[Start of section]

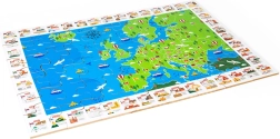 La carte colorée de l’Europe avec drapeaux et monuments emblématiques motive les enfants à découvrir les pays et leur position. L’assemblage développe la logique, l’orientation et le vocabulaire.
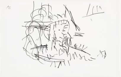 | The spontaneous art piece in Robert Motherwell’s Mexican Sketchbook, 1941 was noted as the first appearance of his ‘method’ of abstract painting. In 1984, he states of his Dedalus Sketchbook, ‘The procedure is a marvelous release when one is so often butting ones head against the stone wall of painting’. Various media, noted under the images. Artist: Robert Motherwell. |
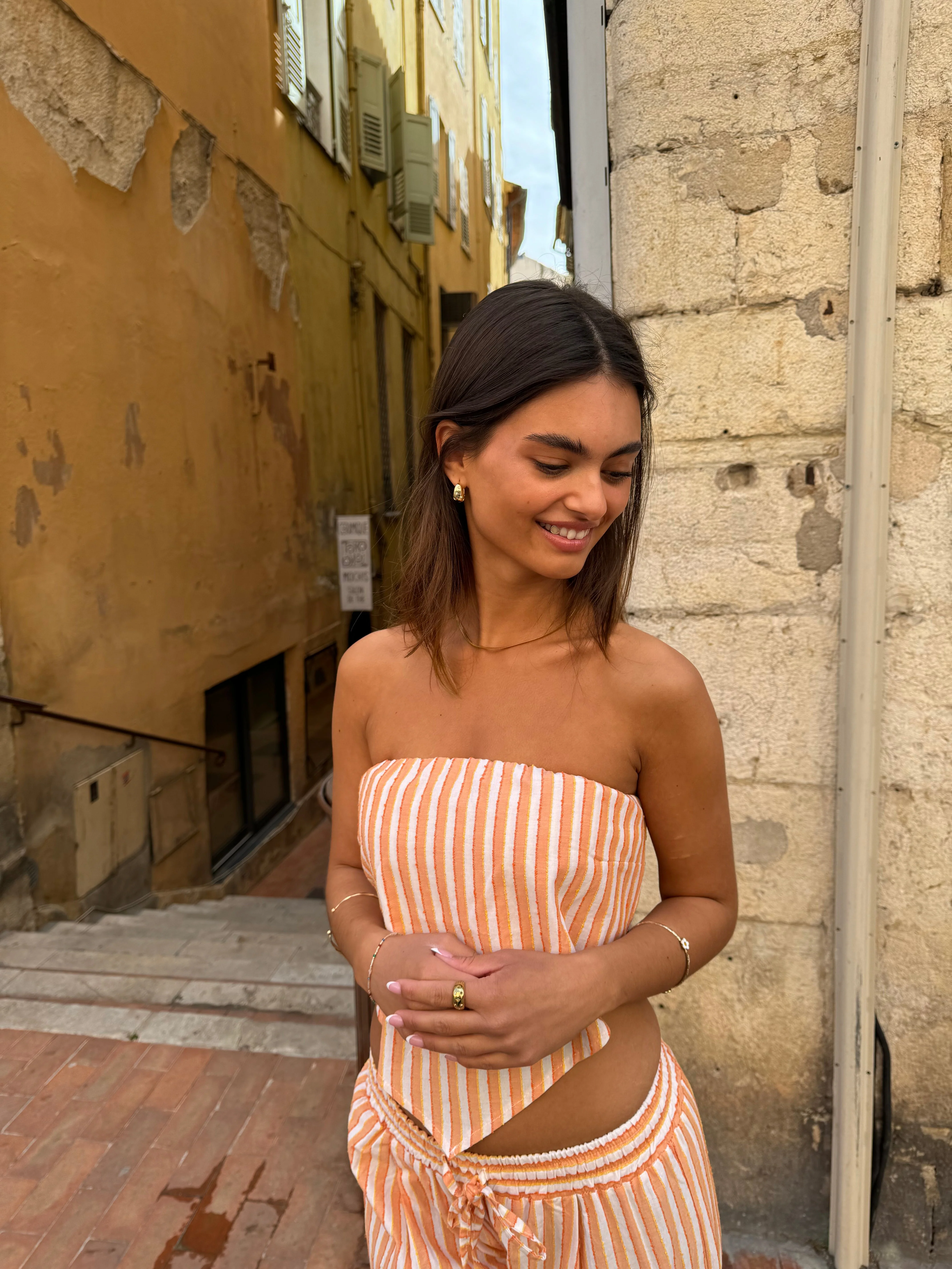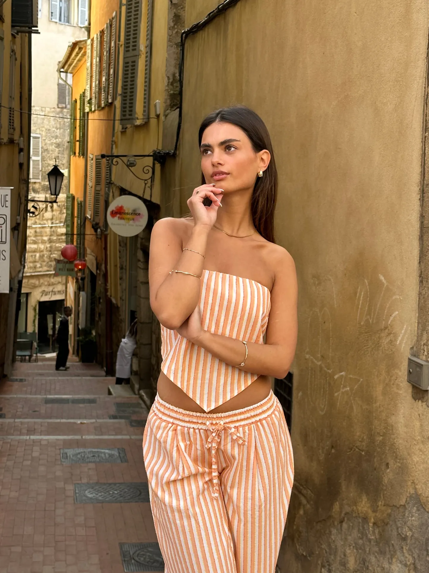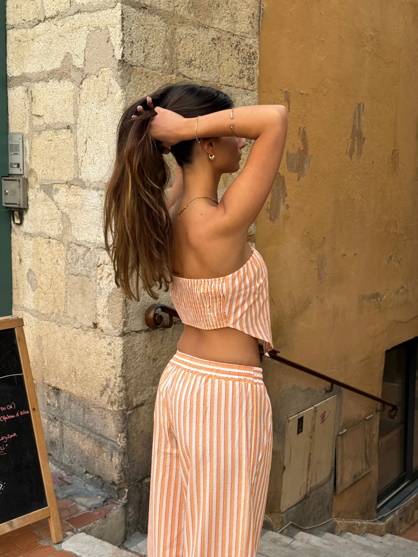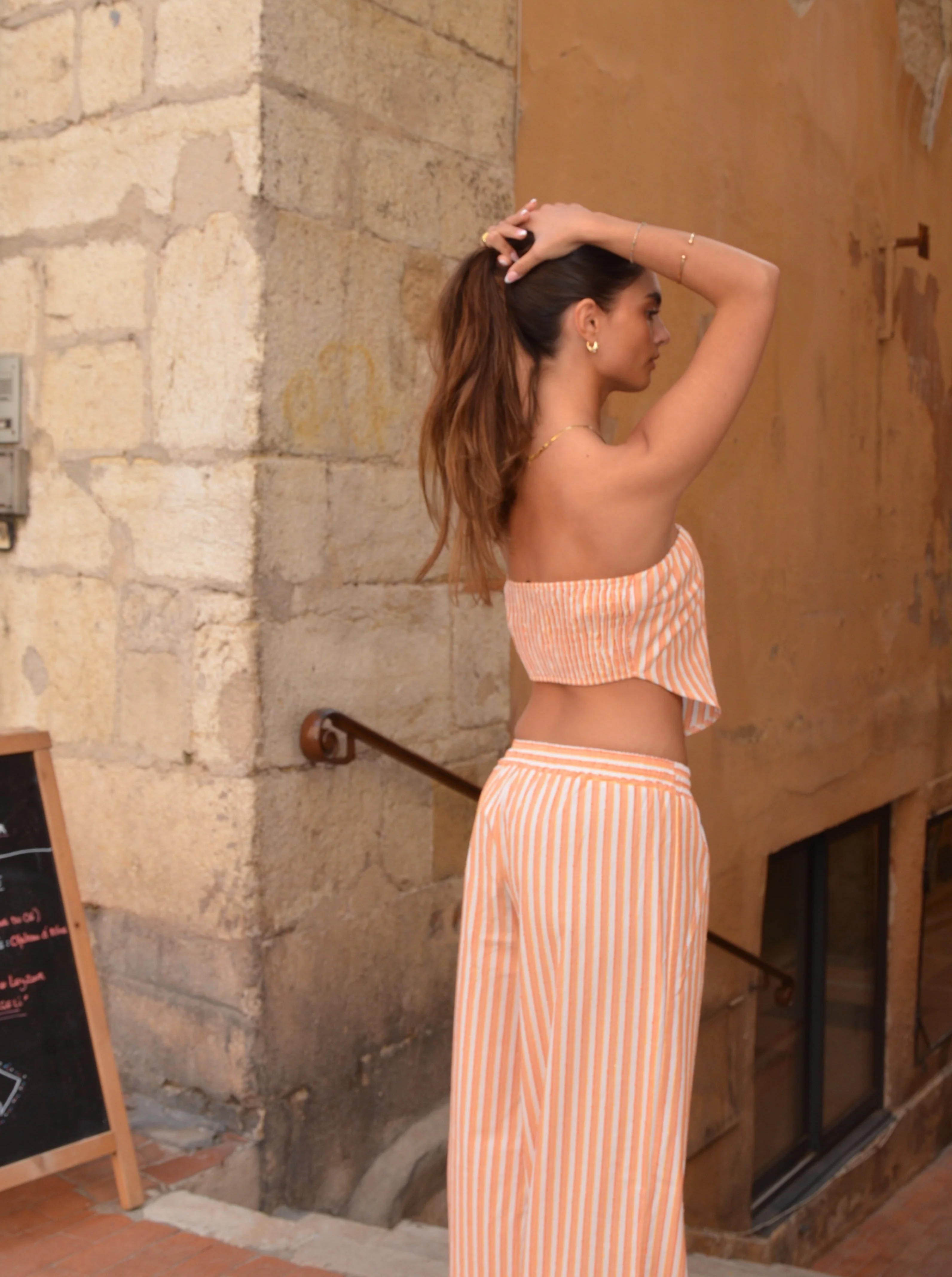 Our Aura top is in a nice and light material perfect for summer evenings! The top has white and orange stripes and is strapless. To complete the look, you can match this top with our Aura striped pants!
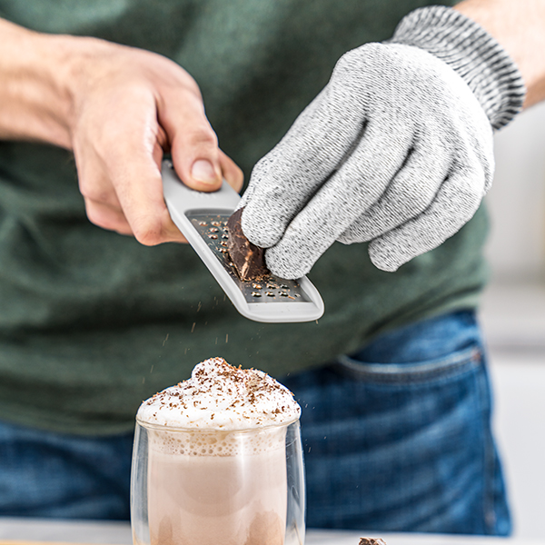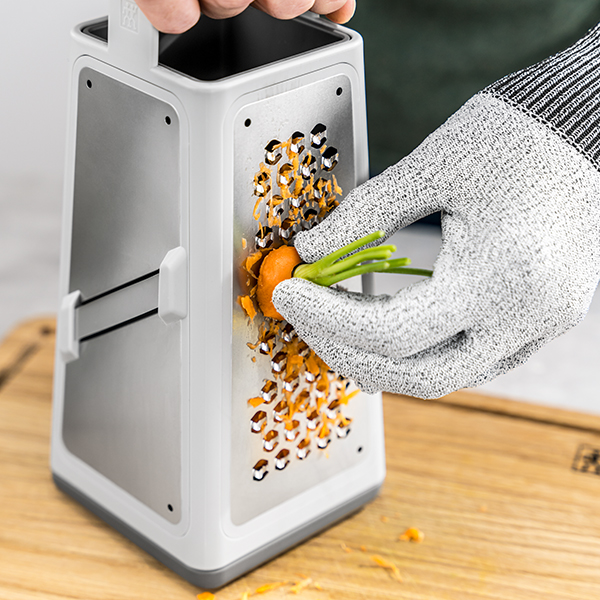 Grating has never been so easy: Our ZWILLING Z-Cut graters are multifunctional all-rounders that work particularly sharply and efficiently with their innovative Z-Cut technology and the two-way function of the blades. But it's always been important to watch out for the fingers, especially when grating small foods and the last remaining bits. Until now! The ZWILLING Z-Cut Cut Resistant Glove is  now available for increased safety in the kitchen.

[End of section]
[Start of section]

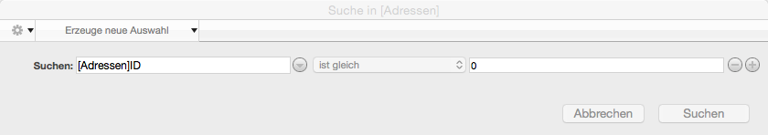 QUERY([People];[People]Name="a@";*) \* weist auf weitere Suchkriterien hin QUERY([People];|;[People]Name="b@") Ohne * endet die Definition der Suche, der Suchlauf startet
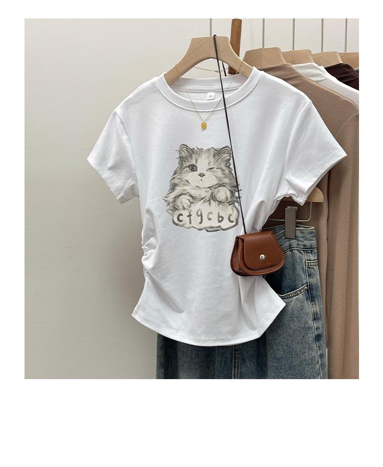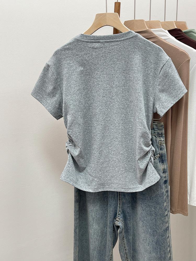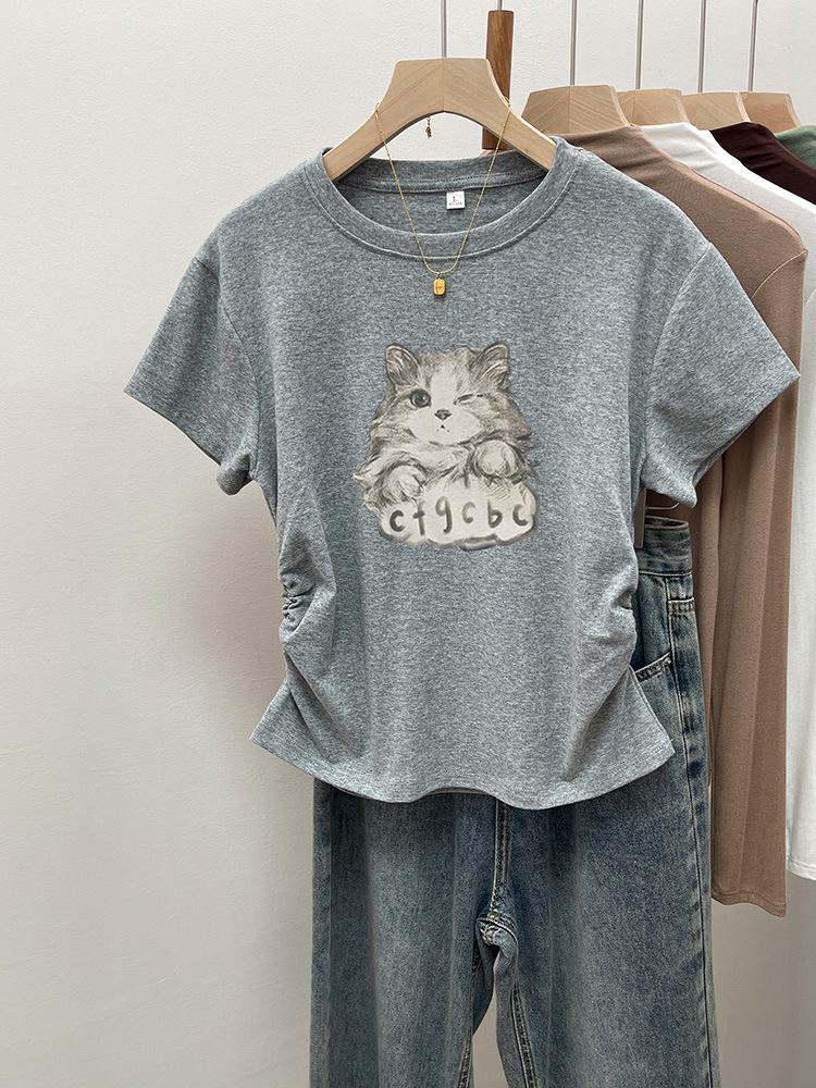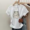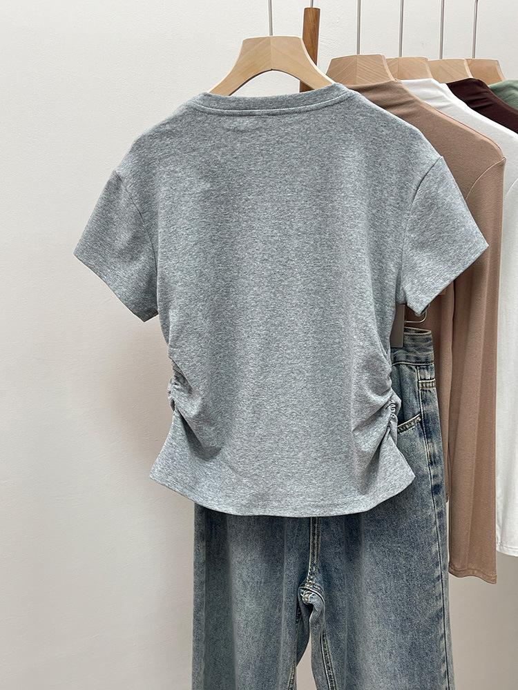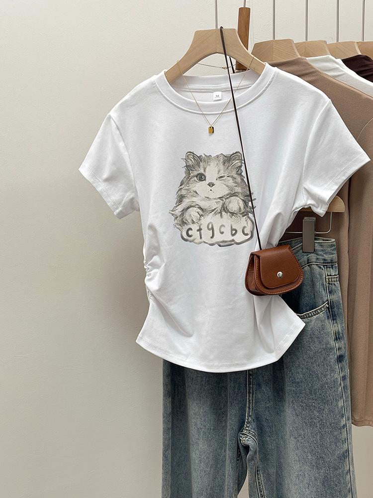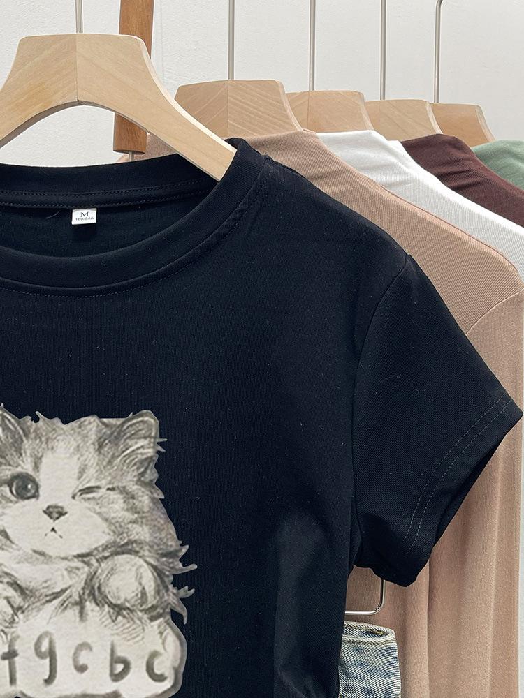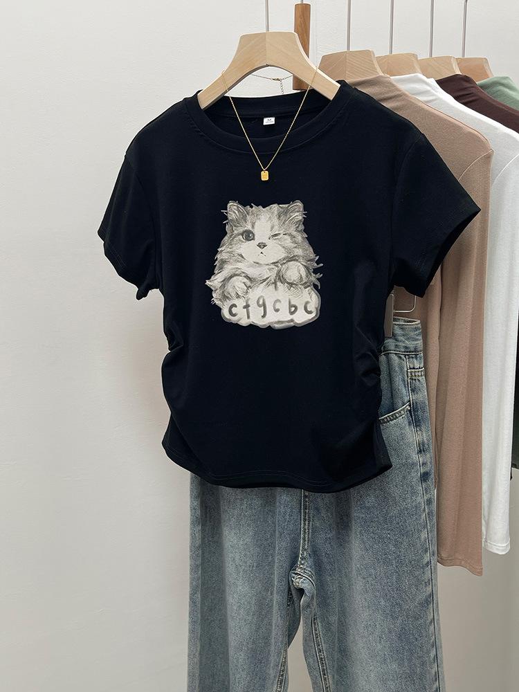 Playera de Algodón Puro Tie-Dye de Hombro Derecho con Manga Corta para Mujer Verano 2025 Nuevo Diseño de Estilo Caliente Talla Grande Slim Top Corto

[End of section]

When you reach the line with "der Suchlauf startet" in the records above, start writing out each line exactly, and stop after the line with "Playera de Algodón". Pictures stay out.

 QUERY([People];[People]Name="a@";*) \* weist auf weitere Suchkriterien hin QUERY([People];|;[People]Name="b@") Ohne * endet die Definition der Suche, der Suchlauf startet
 Playera de Algodón Puro Tie-Dye de Hombro Derecho con Manga Corta para Mujer Verano 2025 Nuevo Diseño de Estilo Caliente Talla Grande Slim Top Corto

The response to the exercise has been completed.